→ Instructions to follow
Return all the data below as it stands, minus the pictures.
Start of Given information
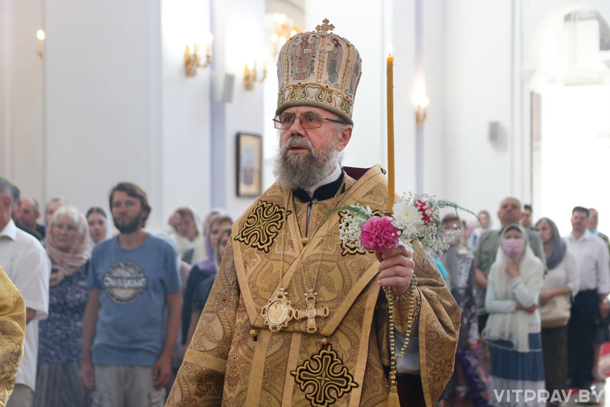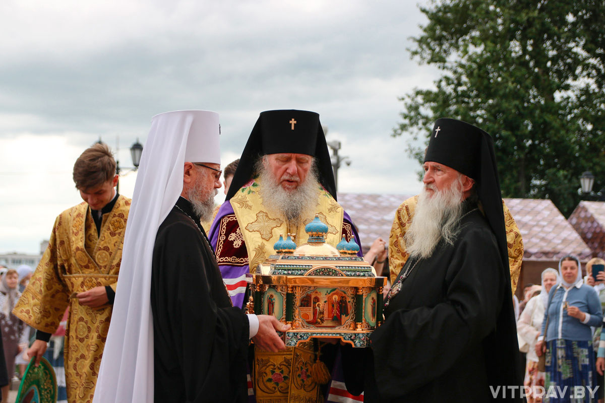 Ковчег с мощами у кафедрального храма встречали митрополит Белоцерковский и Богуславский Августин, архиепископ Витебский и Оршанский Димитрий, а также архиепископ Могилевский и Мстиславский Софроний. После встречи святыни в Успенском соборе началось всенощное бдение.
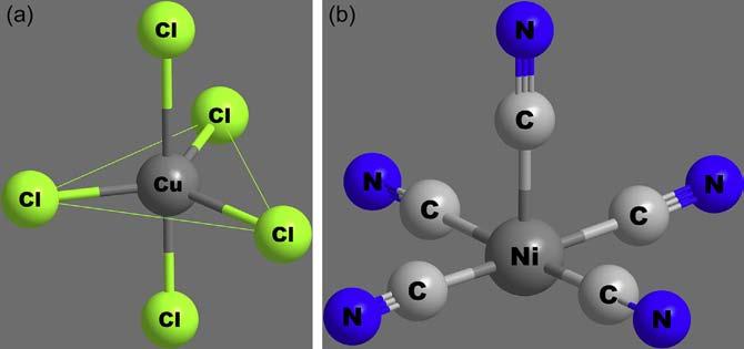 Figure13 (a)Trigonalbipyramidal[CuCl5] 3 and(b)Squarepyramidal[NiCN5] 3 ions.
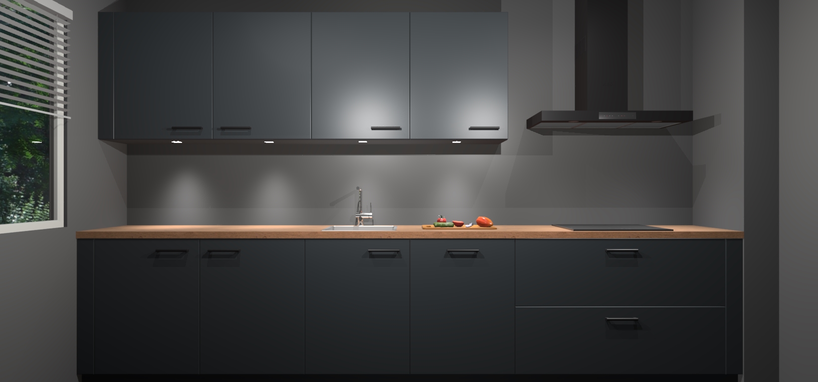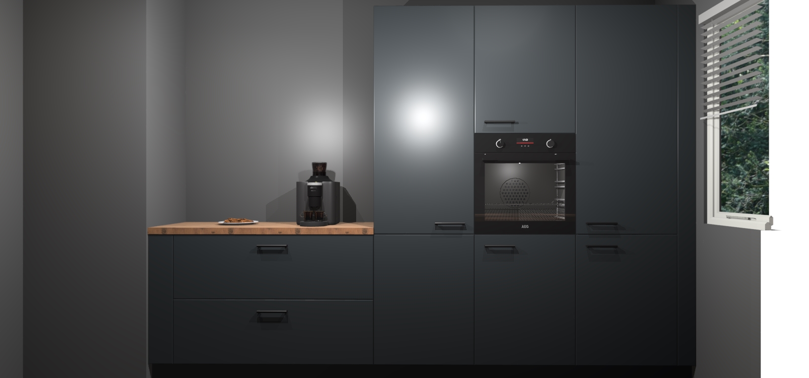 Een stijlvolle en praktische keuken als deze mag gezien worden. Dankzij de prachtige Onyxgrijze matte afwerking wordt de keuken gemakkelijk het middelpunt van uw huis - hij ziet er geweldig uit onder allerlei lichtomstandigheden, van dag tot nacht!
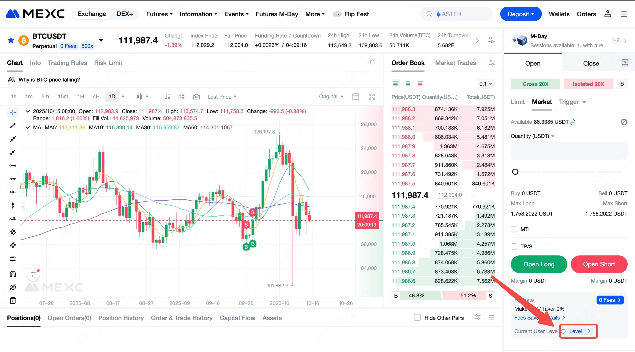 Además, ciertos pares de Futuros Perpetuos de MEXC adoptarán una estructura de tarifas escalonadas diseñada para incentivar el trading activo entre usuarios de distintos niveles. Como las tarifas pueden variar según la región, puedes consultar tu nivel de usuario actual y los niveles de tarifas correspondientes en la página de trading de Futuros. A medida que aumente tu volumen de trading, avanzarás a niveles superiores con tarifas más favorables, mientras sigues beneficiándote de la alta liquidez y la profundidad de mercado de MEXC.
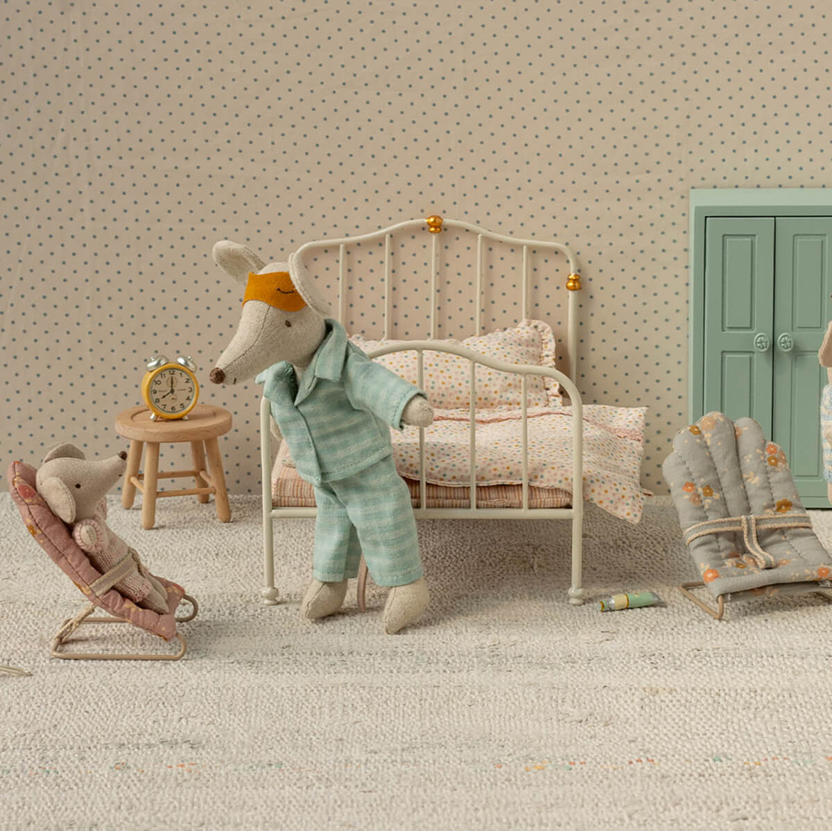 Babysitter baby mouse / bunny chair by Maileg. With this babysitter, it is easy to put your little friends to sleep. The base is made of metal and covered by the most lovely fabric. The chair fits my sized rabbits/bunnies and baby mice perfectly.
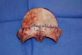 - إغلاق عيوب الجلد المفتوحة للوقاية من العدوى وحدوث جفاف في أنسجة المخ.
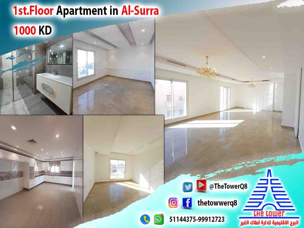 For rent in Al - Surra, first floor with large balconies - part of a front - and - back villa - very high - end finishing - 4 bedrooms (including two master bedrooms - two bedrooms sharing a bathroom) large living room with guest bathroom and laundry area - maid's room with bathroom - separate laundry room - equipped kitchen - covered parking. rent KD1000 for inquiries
End of Given information
→ Result of this task
 Ковчег с мощами у кафедрального храма встречали митрополит Белоцерковский и Богуславский Августин, архиепископ Витебский и Оршанский Димитрий, а также архиепископ Могилевский и Мстиславский Софроний. После встречи святыни в Успенском соборе началось всенощное бдение.
 Figure13 (a)Trigonalbipyramidal[CuCl5] 3 and(b)Squarepyramidal[NiCN5] 3 ions.
 Een stijlvolle en praktische keuken als deze mag gezien worden. Dankzij de prachtige Onyxgrijze matte afwerking wordt de keuken gemakkelijk het middelpunt van uw huis - hij ziet er geweldig uit onder allerlei lichtomstandigheden, van dag tot nacht!
 Además, ciertos pares de Futuros Perpetuos de MEXC adoptarán una estructura de tarifas escalonadas diseñada para incentivar el trading activo entre usuarios de distintos niveles. Como las tarifas pueden variar según la región, puedes consultar tu nivel de usuario actual y los niveles de tarifas correspondientes en la página de trading de Futuros. A medida que aumente tu volumen de trading, avanzarás a niveles superiores con tarifas más favorables, mientras sigues beneficiándote de la alta liquidez y la profundidad de mercado de MEXC.
 Babysitter baby mouse / bunny chair by Maileg. With this babysitter, it is easy to put your little friends to sleep. The base is made of metal and covered by the most lovely fabric. The chair fits my sized rabbits/bunnies and baby mice perfectly.
 - إغلاق عيوب الجلد المفتوحة للوقاية من العدوى وحدوث جفاف في أنسجة المخ.
 For rent in Al - Surra, first floor with large balconies - part of a front - and - back villa - very high - end finishing - 4 bedrooms (including two master bedrooms - two bedrooms sharing a bathroom) large living room with guest bathroom and laundry area - maid's room with bathroom - separate laundry room - equipped kitchen - covered parking. rent KD1000 for inquiries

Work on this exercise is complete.